There are several advantages to using the mediation process to resolve your family law issues.
- If you settle your case, you know what you are getting. That is, a settlement eliminates the risk of a contested trial or hearing in which you may lose. If you settle your case, you know the terms of your agreement and the amount of money or custody time that you will be getting.
- You can still go to court to enforce an agreement. If your spouse or domestic partner signs a mediation agreement and does not abide by its terms, you still have the option of going to court to enforce the mediation agreement.
- You save money, probably. Separation is expensive. The parties can spend a considerable amount of time and money in the litigation and pre-trial process. Many parties prefer mediation as a way to resolve their differences in the interest of saving money on attorney’s fees and litigation costs.
- It is your decision whether to settle your case. In mediation, the parties decide whether they will settle their case. In a court of law or in an arbitration, the judge or arbitrator makes the final decision.
- It is a less stressful option. Divorces are often one of the most stressful times in a person’s life. Litigation is also one of the most stressful times in a person’s life. Bring these two together and the stress of dealing with divorce or legal separation is often too much for a couple or creates a tremendous amount of stress for their loved ones. Mediating a successful settlement out of court can eliminate a lot of the stress that comes with divorce or legal separation proceedings.
- You don’t have to settle all of your issues with your spouse or domestic partner.

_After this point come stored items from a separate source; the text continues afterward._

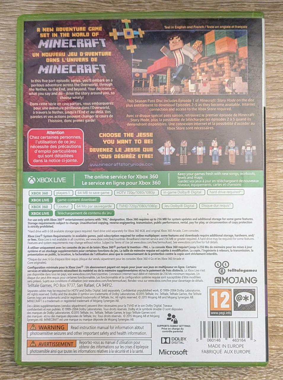 L2 - Minecraft - Story Mode Xbox 360 - EAN : 5060146463164 - ARTICLE OCCASION EN TRES BON ETAT GÉNÉRAL - TEST MACHINE OK - BOITIER ORIGINAL XBOX 360 - JEUX JOUABLE EN FRANCAIS - LIVRAISON ULTRA RAPIDE EN COLIS SUIVI PROTÈGE - COVER E.U - COMPLET CIB - TELLTALE GAMES SERIES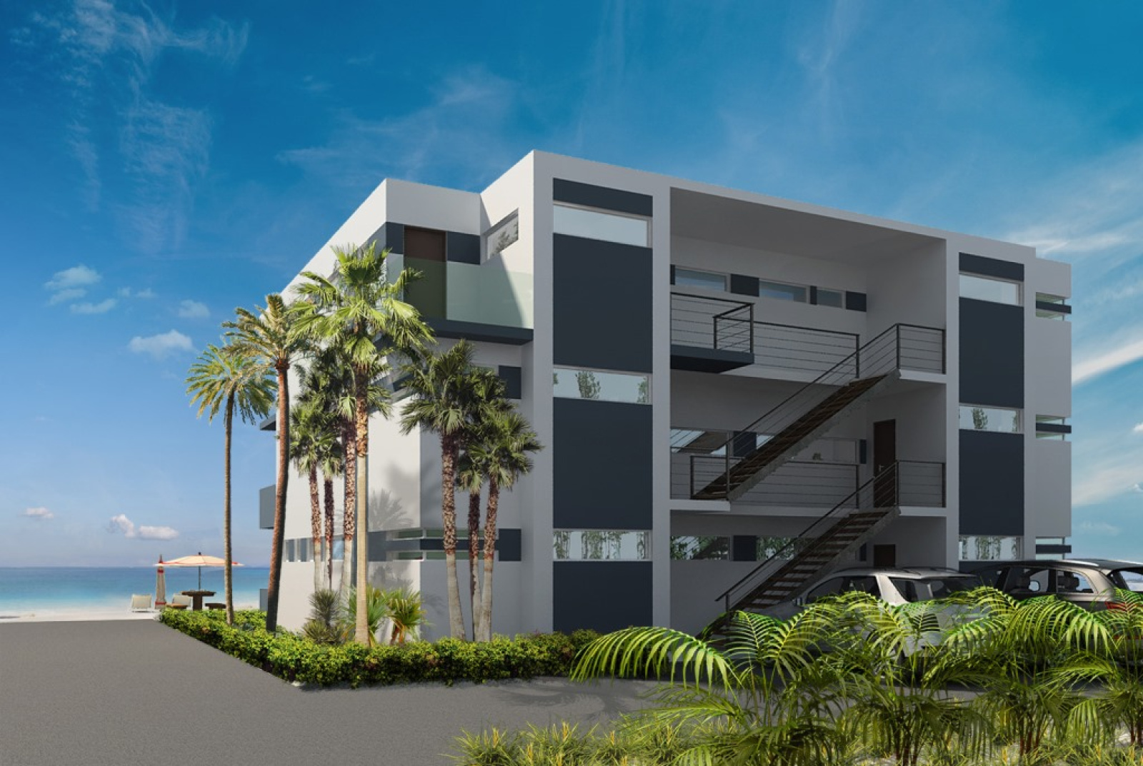 The beachfront building is 1 400 sq ft and the ground floor units come with a dip pool. 1 unit left.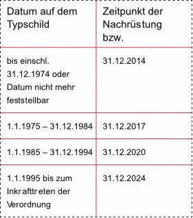 Werden die Grenzwerte nicht eingehalten, sollen diese Anlagen entweder mit einer bauartzugelassenen Filtereinrichtung nachgerüstet oder außer Betrieb genommen werden. Dazu gibt es einen weitreichenden Zeitplan: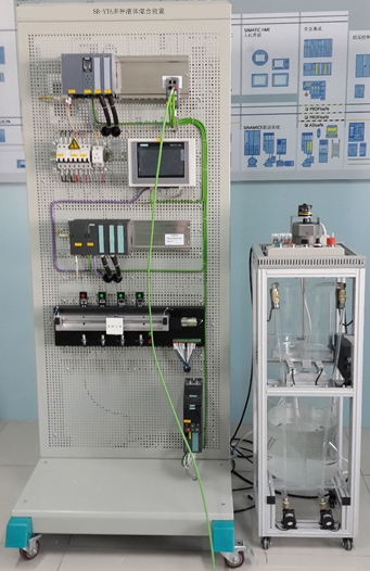 在具備PLC編程、線纜接線、PLC硬件組態(tài)、電氣調(diào)試、管路搭建、變頻調(diào)速控制的同時,重點突出攪拌工藝過程控制中常用傳感器的配線、采集、變送、信號轉(zhuǎn)換、以及PID控制策略的控制的主要實訓功能。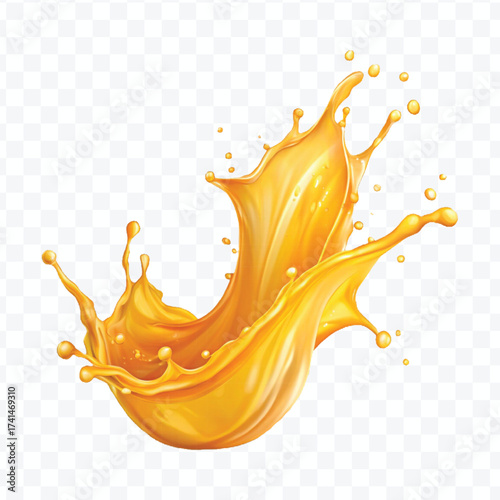 realistic 3d mango or orange juice splash in mid air cut out and curve style isolated on transparent background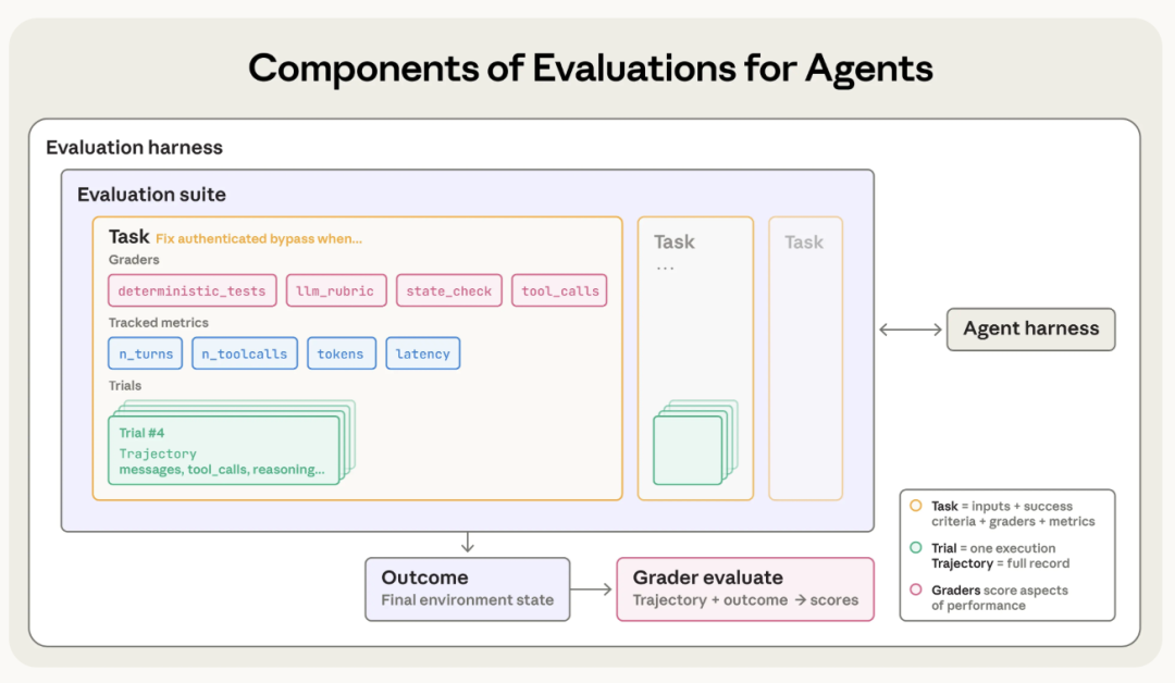 要根据实际的业务Agent进行组合和裁剪。Anthropic 建议:尽可能用确定性的评分器,必要时加LLM 评分器,人工评分器用来校准。
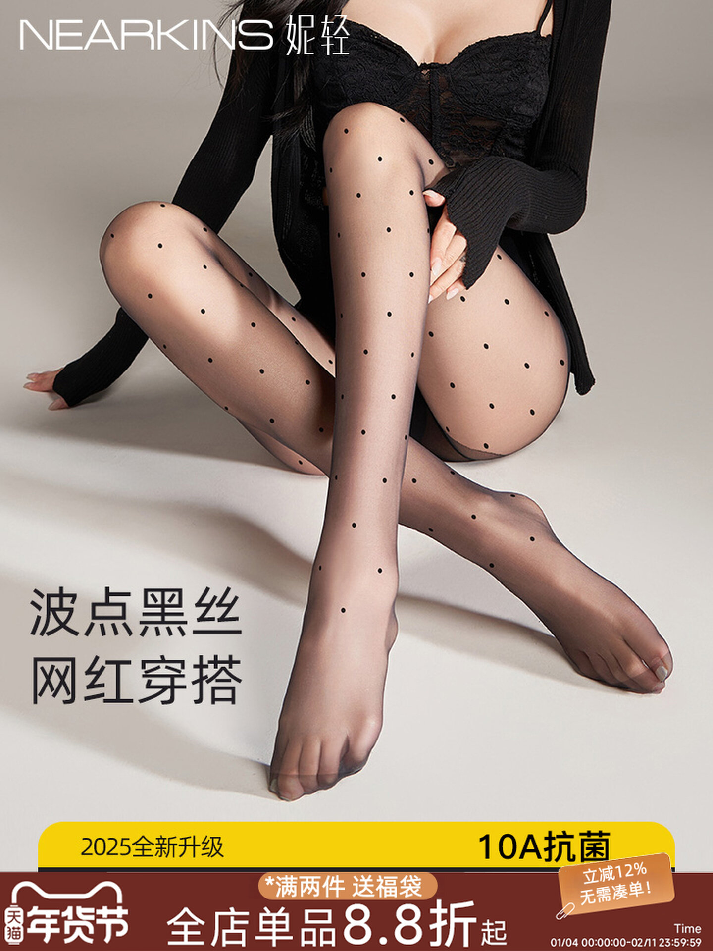 波点黑丝袜女0d春秋超薄款防勾丝性感黑色光腿神器夏季打底连裤袜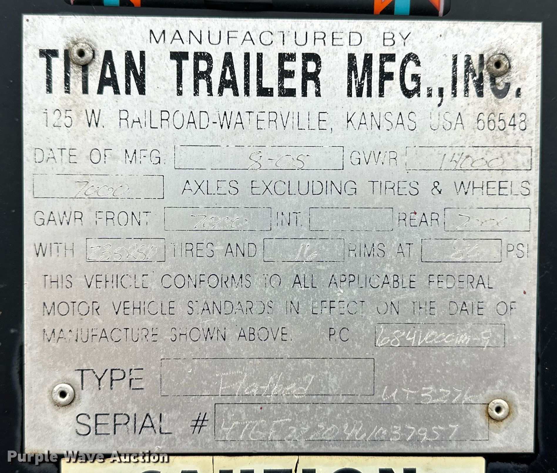 Purple Wave is selling a used Equip. Trailer in Kansas. This item is a 2006 Titan equipment trailer with the following: VIN: 4TGF2220461037957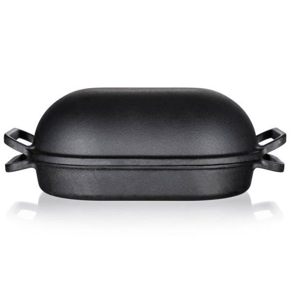 Господарська жаровня Banquet BRYTFANNA 39 cm вирізняється масивною чавунною конструкцією, яка забезпечує стабільну температуру під час тривалого готування. Натуральна приправлена поверхня створює антипригарний ефект без застосування синтетичних емалей, що робить жаровню безпечною для здоров'я і стійкою до інтенсивного використання. Конструкція з литих ручок гарантує надійне керування навіть при повному завантаженні, а товсті стінки забезпечують акумуляцію тепла, що оптимізує витрати енергії. Кришка-пательня додає функціональності, дозволяючи використовувати її як додаткову ємність для подачі або приготування. Завдяки сумісності з усіма типами плит та можливості застосування у духовці жаровня підходить для різних кулінарних технік: запікання, томління, смаження, карамелізації та т.д. Простота догляду та можливість відновлення приправленої поверхні роблять цей посуд інвестицією на багато років.Додаткова інформація

That is, you can settle just some of your issues with your spouse or domestic partner and litigate the rest of the remaining issues. The choice is yours.

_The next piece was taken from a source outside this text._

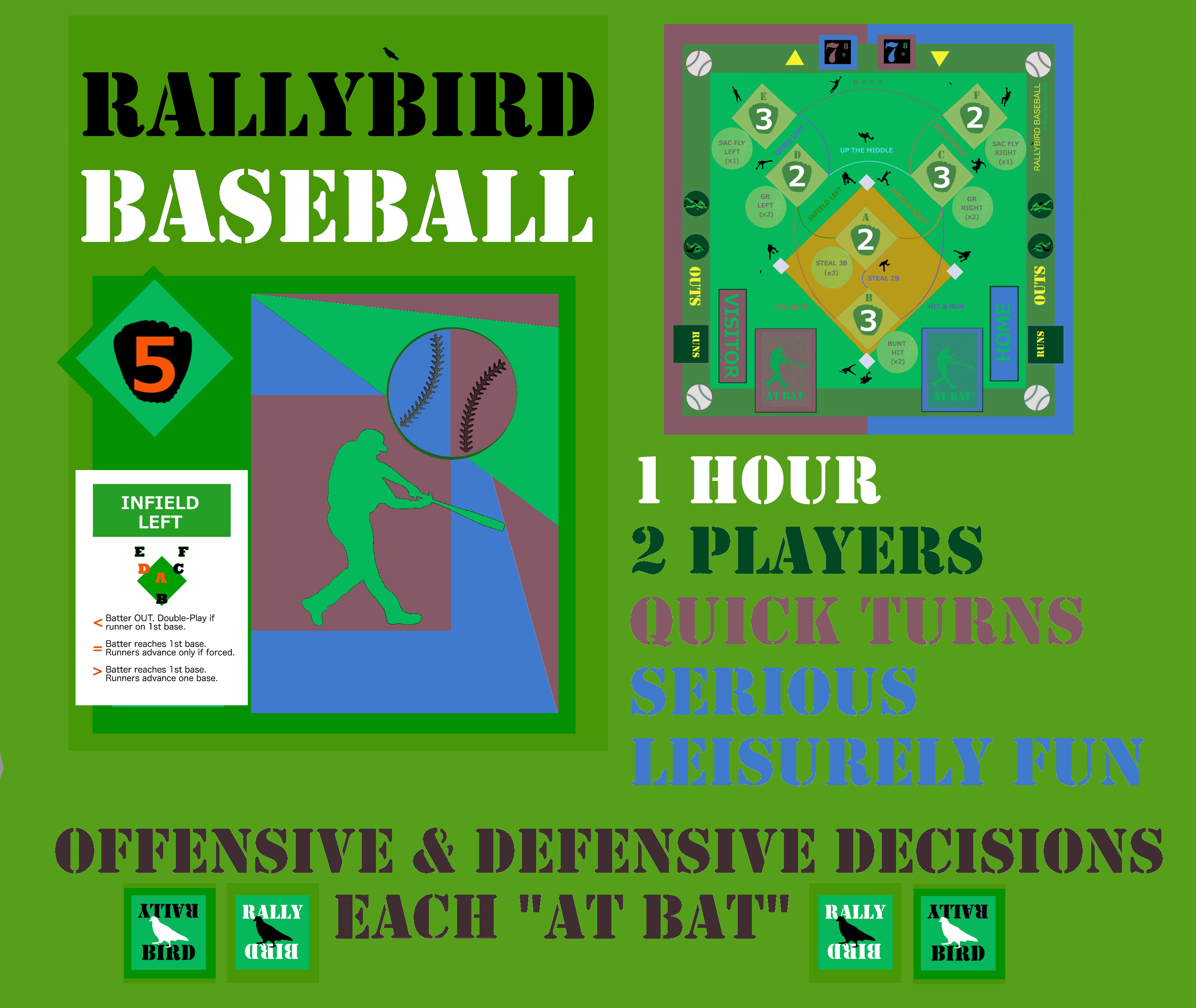 Rallybird Baseball–a 1 hour board game for 2 players. Offering quick turns, offensive & defensive decisions each “at Bat”, and serious leisurely fun!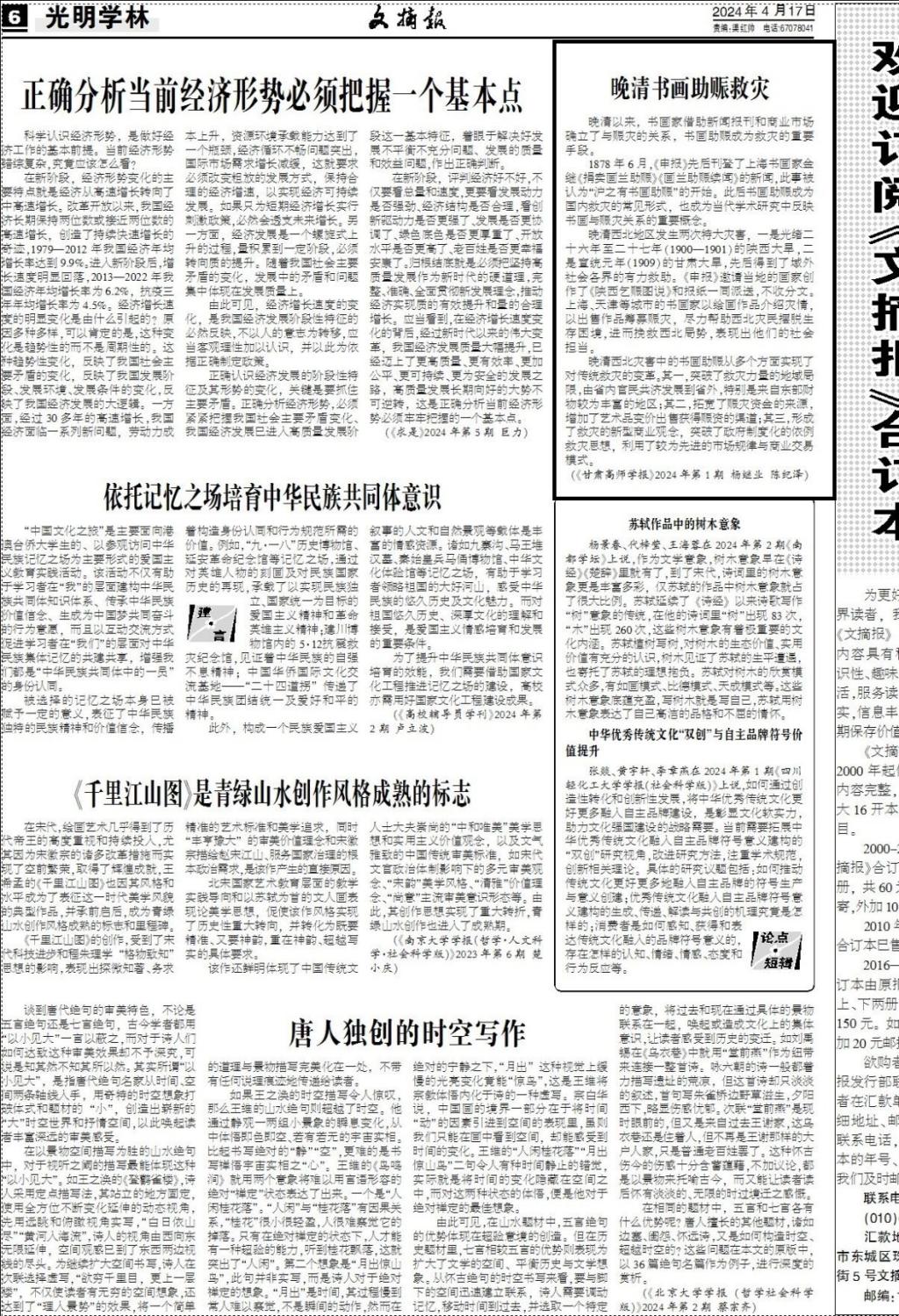 4月17日,《甘肃高师学报》2024年1期见刊的《晚清西北灾害中的书画助赈》一文,被《文摘报》摘录。该文章依托国家社科基金重大项目“近代西北灾荒文献整理与研究”(16ZDA134)、甘肃省高等学校创新基金项目“清代甘肃灾害治理的历史启示”(2022A-077),是以上项目的阶段性研究成果。

What Are the Disadvantages of Mediation in Divorce of Legal Separation?
There is no real disadvantage to attending mediation in divorce or legal separation. In some cases, such as contested child custody and visitation, it is required. These are some of the reasons why a couple may forgo or cut short mediation in favor of litigation.

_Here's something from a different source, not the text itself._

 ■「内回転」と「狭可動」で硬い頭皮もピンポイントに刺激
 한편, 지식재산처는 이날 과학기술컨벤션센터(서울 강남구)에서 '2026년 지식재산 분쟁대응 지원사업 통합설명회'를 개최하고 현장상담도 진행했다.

- Your spouse or domestic partner has no intention of settling the case. If your spouse or domestic partner has told you or your lawyer that he or she have no intention of settling your case or his or her behavior indicates such, mediation is often unproductive. A successful mediation requires a meeting of the minds. If you and your spouse or domestic partner are so far apart that you cannot come to an agreement, then litigation is sometimes your only option.
- It is another expense. Ironically, it is often less expensive and time consuming to simply try your case. Mediation require the paid services of a mediator, preparation of briefs, and attendance at the mediation. If there is very little likelihood that your case will settle, then litigation could be the better option for you.
- You have to see your spouse or domestic partner during prolonged negotiations. Mediation often takes hours or days to complete. Both parties are required to be present (although they can be in separate rooms). If the thought of spending that much time with your spouse or domestic partner is distasteful to you, it will make mediation more difficult (but not impossible). If you simply cannot handle dealing with your spouse or domestic partner at arm’s length and you are not otherwise required to attend mediation, you do have the option of letting your attorneys handle your case and your attorneys can negotiate by phone, email, and correspondence.
- A party has wildly unrealistic expectations. A successful mediation in divorce or legal separation requires that both parties have a realistic understanding of the issues involved in their case, the case’s value, and the law as it applies to their case. Many parties only hear what they want to hear or have such unrealistic expectations of the result of their case that settlement is very difficult, if not impossible.
- You could do better at hearing or trial. There is almost always the possibility that a party will fare better at trial than through a mediated settlement. If this is the case, you do have the option of proceeding to a hearing or a trial in the hope that the results will be more in your favor than your spouse or domestic partner is willing to offer you in a settlement.